» **About this exercise**: Copy out the full data exactly as given; pictures should not be included.

---------- Information supplied ----------

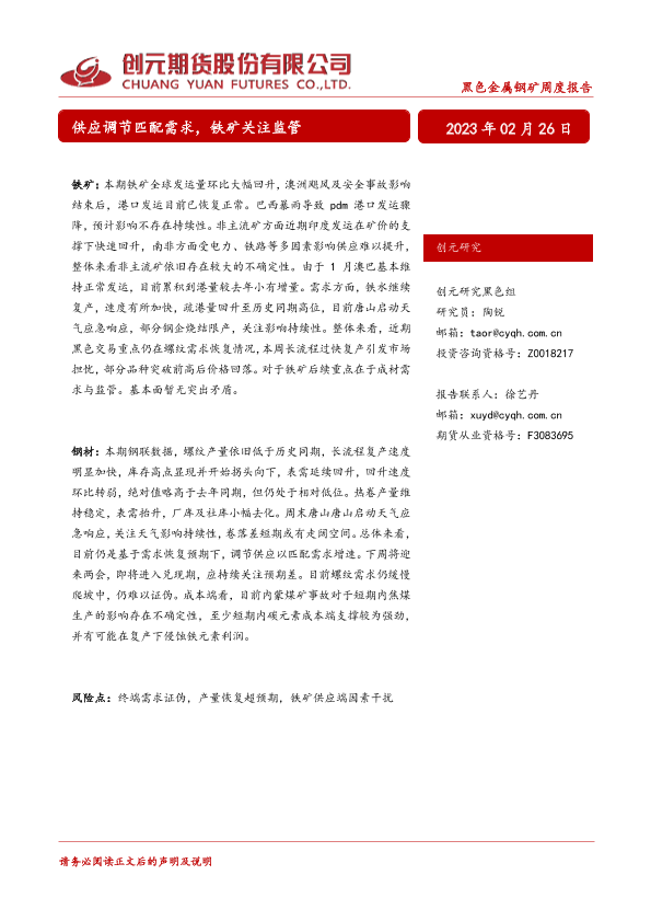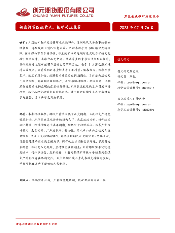 【创元期货】【20230226】黑色金属钢矿周度报告_供应调节匹配需求_铁矿关注监管-31页
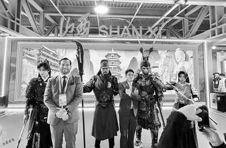 第八屆中國(guó)國(guó)際進(jìn)口博覽會(huì)山西展廳前,與熱門(mén)IP人物互動(dòng)合影的觀眾絡(luò)繹不絕。
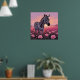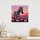 Poster Zebra Única em Pintura de Campo de Rosas Rosa
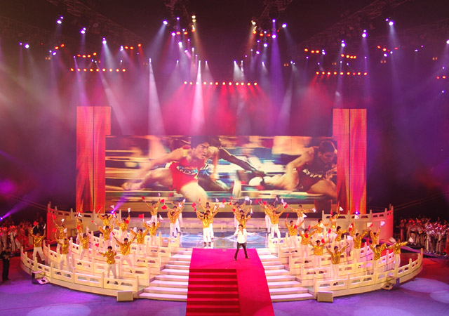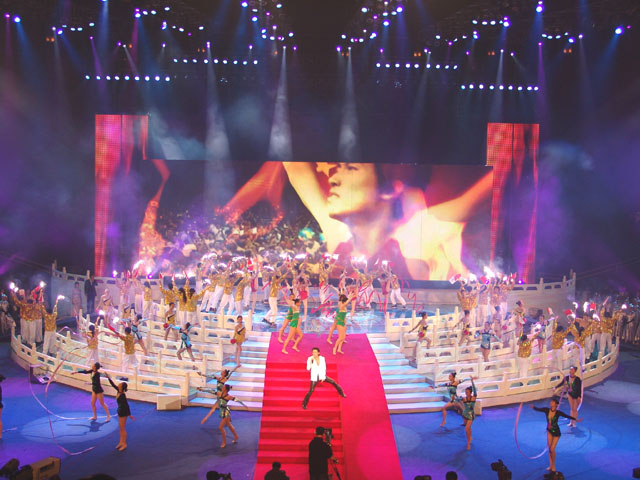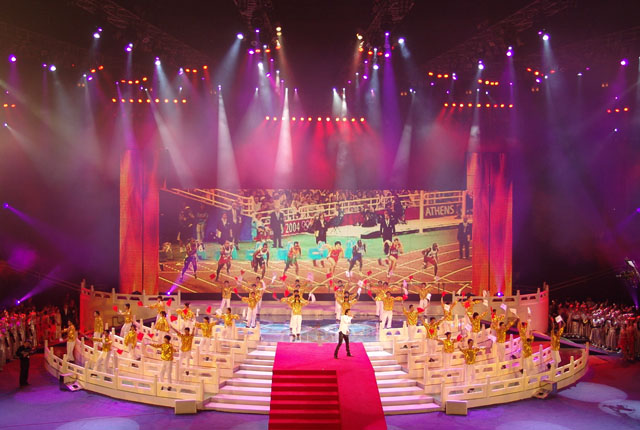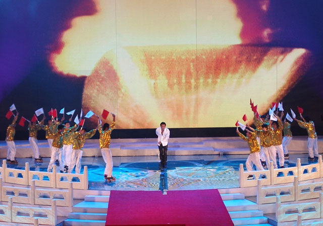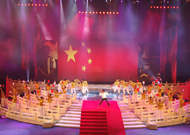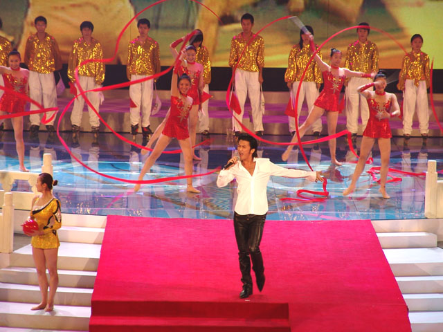 文藝演出的第四個(gè)節(jié)目是《為你榮光》,由香港著名歌星謝霆鋒演唱歌曲,我校同學(xué)擔(dān)任伴舞,其精彩的表演贏得了現(xiàn)場(chǎng)觀眾的陣陣歡呼。

----------

» **Exercise response**:
 【创元期货】【20230226】黑色金属钢矿周度报告_供应调节匹配需求_铁矿关注监管-31页
 第八屆中國(guó)國(guó)際進(jìn)口博覽會(huì)山西展廳前,與熱門(mén)IP人物互動(dòng)合影的觀眾絡(luò)繹不絕。
 Poster Zebra Única em Pintura de Campo de Rosas Rosa
 文藝演出的第四個(gè)節(jié)目是《為你榮光》,由香港著名歌星謝霆鋒演唱歌曲,我校同學(xué)擔(dān)任伴舞,其精彩的表演贏得了現(xiàn)場(chǎng)觀眾的陣陣歡呼。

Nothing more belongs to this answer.